By integrating topography, wavefront aberrometry, and pupillometry in one instrument and centering the results on the optical axis, we can assess the actual physiological alignment of the optical elements in the eye, locate aberrations (low or high order) in the optical pathway, and understand the effects of pupil size on the optical performance of the system. With this greater understanding, we can quickly determine who would benefit from which type of lenses during the diagnostic examination, and then quickly assess the performance of the lenses we choose during the contact lens evaluation.
Note: If you have specific questions on how to perform these functions with your topographer or wavefront device, please contact the device manufacturer for assistance.
Method #3: Clinical Intuition
If you don’t have a topographer or wavefront device in your office, the first step to identifying a potential misalignment is to assess the patient’s chief visual complaints in his or her current multifocal lens design. Complaints associated with a multifocal misalignment include:
- Poor near vision in a near-center lens design
- Poor distance vision in a distance-center lens design
- 3-D or doubled vision
- Head tilt or turn improves vision
- Changing gaze direction improves vision
Once you have identified the symptoms, the next steps are to rule out any other underlying causes of poor vision. If all of the considerations below are ruled out, contact the SpecialEyes consultation department for assistance in ordering a multifocal design with offset optics.
- First, make sure the lenses provide an optimal fit and good comfort.
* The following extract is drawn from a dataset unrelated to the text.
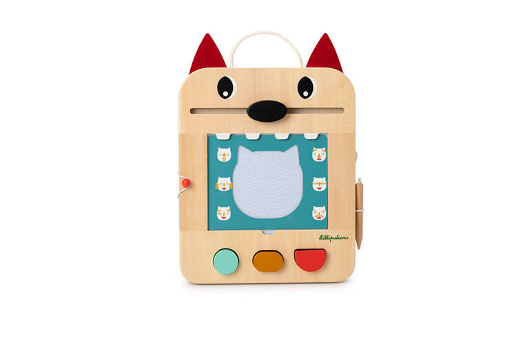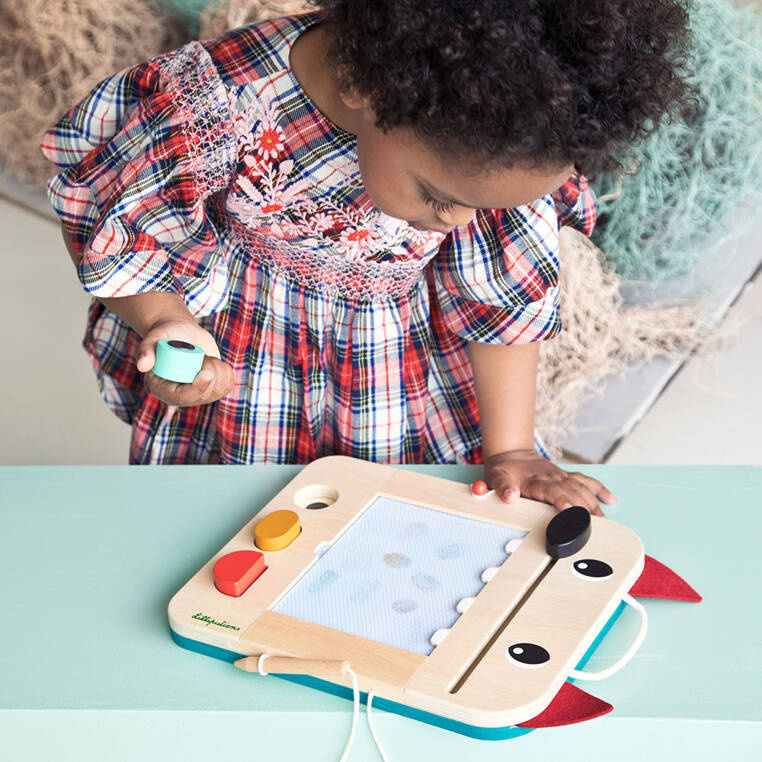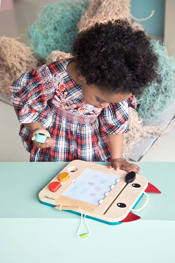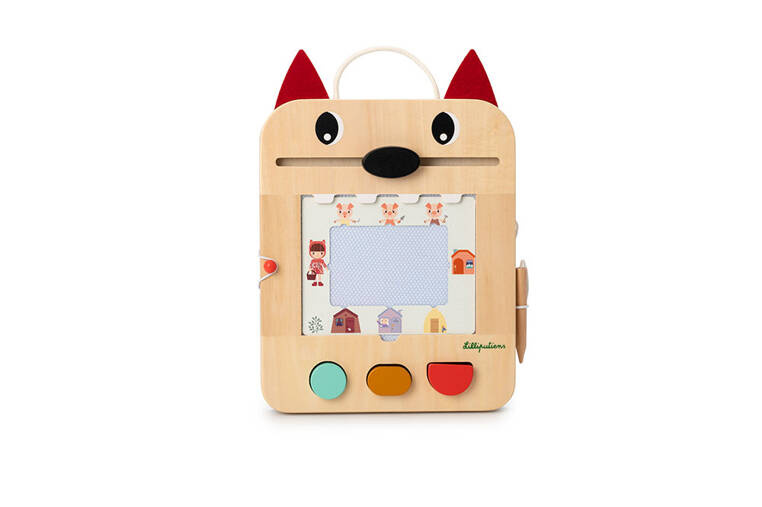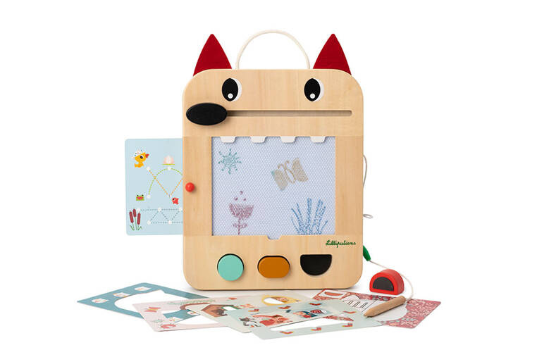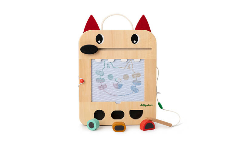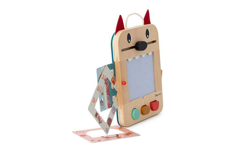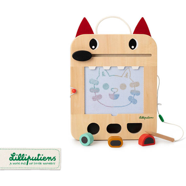 Drewniana tablica znikopis Wilk Louis Lilliputiens to kolejna propozycja aktywizującej zabawki od belgijskiej marki Lilliputiens. Tablica posiada charakterystyczny wygląd pod postacią Wilka z otwartą paszczą, filcowymi uszami w kolorze czerwonym i czarnym nosem, którego przesunięcie uruchamia mechanizm zamazywania ekranu. Zestaw zawiera także 6 kart z propozycjami zabaw i 3 magnetyczne klocki do rysowania. Podczas zabawy maluch popracuje nad koordynacją ręka - oko, czy też rozwinie zdolności motoryczne. Ta zabawka angażuje i pobudza zmysł wzroku, dotyku oraz kształtuje umiejętność logicznego myślenia. Sprawdzi się doskonale jako prezent dla każdego dziecka.
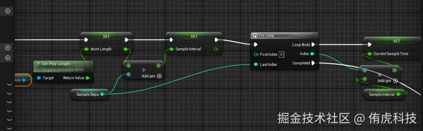 在此阶段我们需要在动作中添加一个曲线,通过这个曲线上的时间来告诉我们脚步还有多久会落下,但正如育碧所言:“Absolutely must be automated”,所以我使用的是UE的AnimationModifier来自动的生成曲线,在其中通过对动画信息进行采样,获取当前帧信息。

- Next, make sure you have a solid refraction at distance and near and have incorporated those powers into the lens design.
- Finally, evaluate your patient’s pupil size in regular room illumination. If the patient has smaller- or larger-than-average pupils, you may want to consider starting with one of our pupil-optimized designs without OptiSync™ Technology first.
1 Lampa, Matthew; Kelvin So; et al. “Assessing Soft Multifocal Contact Lens Centration With the Aid of Corneal Topography.” Poster presented at the Global Specialty Lens Symposium; 2013.
2 SpecialEyes, LLC. Compiled from internal data; 2016–2018. Data on file.
3 Park, Choul Yong; Sei Yeul Oh; and Roy S. Chuck. “Measurement of Angle Kappa and Centration in Refractive Surgery.” Current Opinion in Ophthalmology, vol. 23, no. 4; 2012; pp. 269–275.
4 Moshirfar, Majid; Ryann Hoggan; and Valliammai Muthappan. “Angle Kappa and Its Importance in Refractive Surgery.” Oman Journal of Ophthalmology, vol. 6, no. 3; 2013; pp. 151–157.
5 Prakash, Gaurav; Amar Agarwal; et al. “Role of Angle Kappa in Patient Dissatisfaction With Refractive-Design Multifocal Intraocular Lenses.” Journal of Cataract Refractive Surgery, vol. 37, no. 9; 2011; pp. 1739–1740.
6 Chan, Colin C.K. and Brian S. Boxer Wachler. “Centration Analysis of Ablation Over the Coaxial Corneal Light Reflex for Hyperopic LASIK.” Journal of Refractive Surgery, vol. 22, no. 5; 2006; pp. 467–471.